A deep learning based approach to the task of genetic codon prediction and optimization. We propose an LSTM-Transducer model for this task, gaining modest improvements in accuracy and perplexity in predicting codon choice over frequency-based methods.
This was originally implemented as an undergraduate project in Google Colab using a PyTorch wrapper, namedtensor for Harvard's CS287r Machine Learning for Natural Language Processing Course. After this work was presented as a poster at MLCB 2019, the code was revised with better coding practices for readability and reproducibility *. Lastly, no model generated sequences have been experimentaly tested for expression in the lab against frequency baselines.
The models were tested on highly expressed genes of E. coli MG1655 and Humans hg19. The highly expressed gene set in data (data/ecoli.heg.fasta and data/human_HE.fasta) can be used directly to train a new model or any set of transcripts in Fasta form can be used as input to the model. The script src/download_human_genes.py
was used to resolve nucleotide sequences for the human housekeeping gene set.
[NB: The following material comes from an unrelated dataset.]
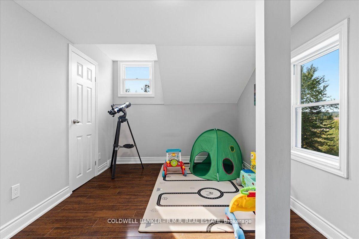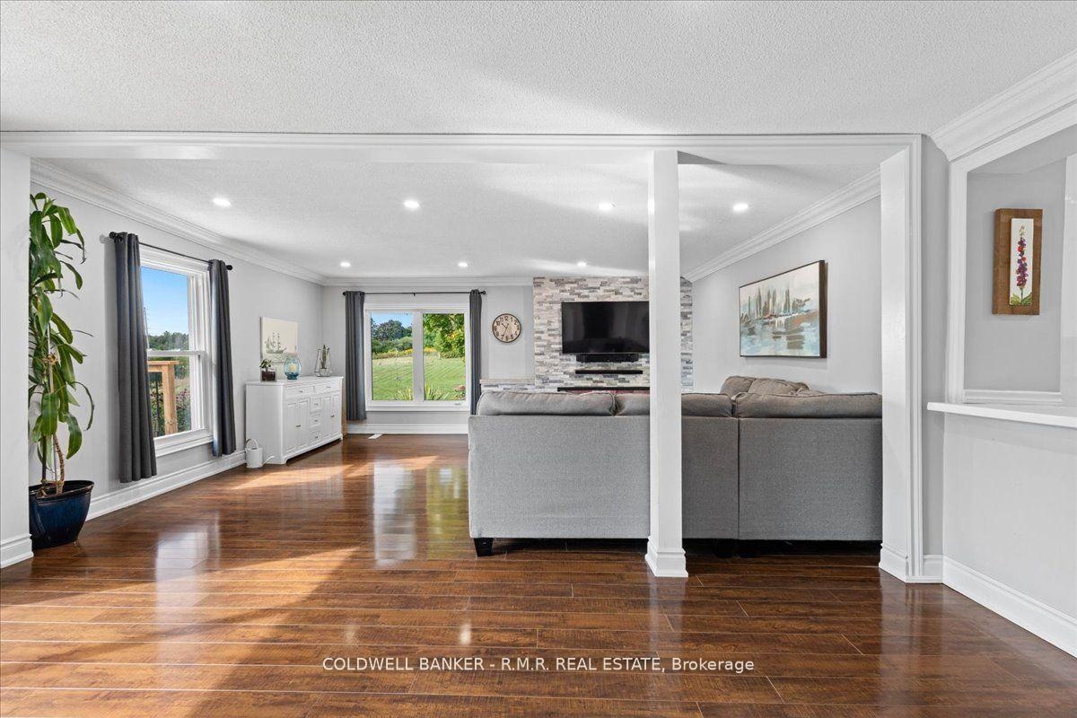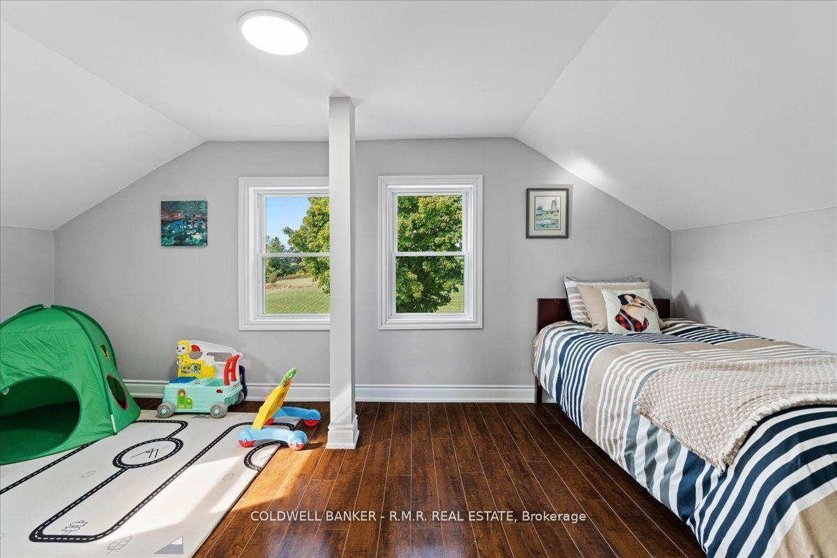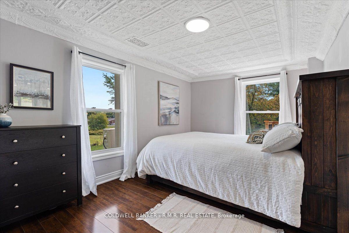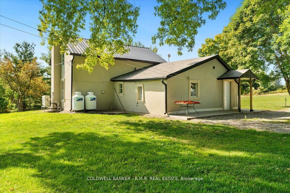 Step into this beautifully updated century home, tucked away on a gorgeous 7.5-acre country property that blends charm with practicality. Surrounded by nature and set up for rural living, the land comes with a barn, shed, and horse paddock-perfect if you're into riding, farming, or just want space to roam. A peaceful stream winds through the property, adding a touch of storybook magic to the setting. Inside, the detached home has been completely renovated but still holding onto its timeless character. The open-concept living and dining area is warm and welcoming, with fresh flooring throughout and an electric fireplace that makes it feel extra cozy. Just off the dining room, a huge new deck stretches out into the backyard and fire pit, ideal for summer BBQ's, morning coffee, or simply kicking back and enjoying the view. Speaking of views every window looks out over your own land, so whether you're gazing at the paddocks, the stream, or massive mature trees in your own yard, you're always connected to the beauty around you. The home features three roomy bedrooms and two full bathrooms, plus a bright, modern kitchen with new appliances. Recent updates include windows, exterior stucco, a new gas furnace, metal roof, and eavestroughs; so it's not just beautiful, it's built to last. Whether you're dreaming of a quieter lifestyle, a place for your horses, or just move -in-ready home with space to breathe, this property offers a rare mix of comfort, character, and country living.
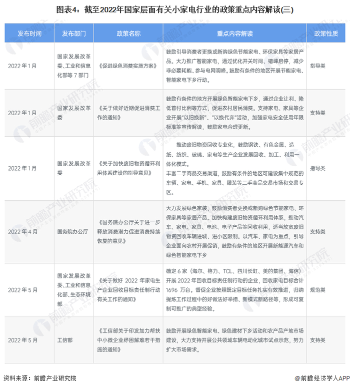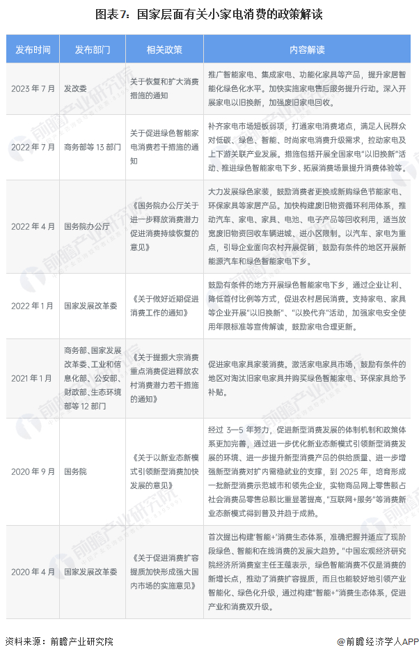 在小家电消费政策方面,“十三五”以来,国务院、国家发改委、工信部等相关部门也陆续出台相关政策促进小家电消费工作,具体内容包括促进升级消费、以旧换新、家电下乡和绿色化、智能化产品的替代消费等。

After downloading a set of transcripts in Fasta form for modeling from the above links and removing redundancy (e.g. using CD-Hit), a model can be trained and predictions generated on a random train/val/test split using the command:
python src/main.py --data-file [data/datafile.fasta]
Different models can be selected over the codon layer using the --codon-model-name
flag and over the amino acid layer using the --aa-model-name
flag
To run baseline models:
python src/main.py --data-file [data/datafile.fasta] --run-baselines
* As this work is not being actively continued, while a --gpu
flag is provided, this code has only been tested on CPU and has not yet been used to reproduce the results table or free energy analysis from the original colab experiments.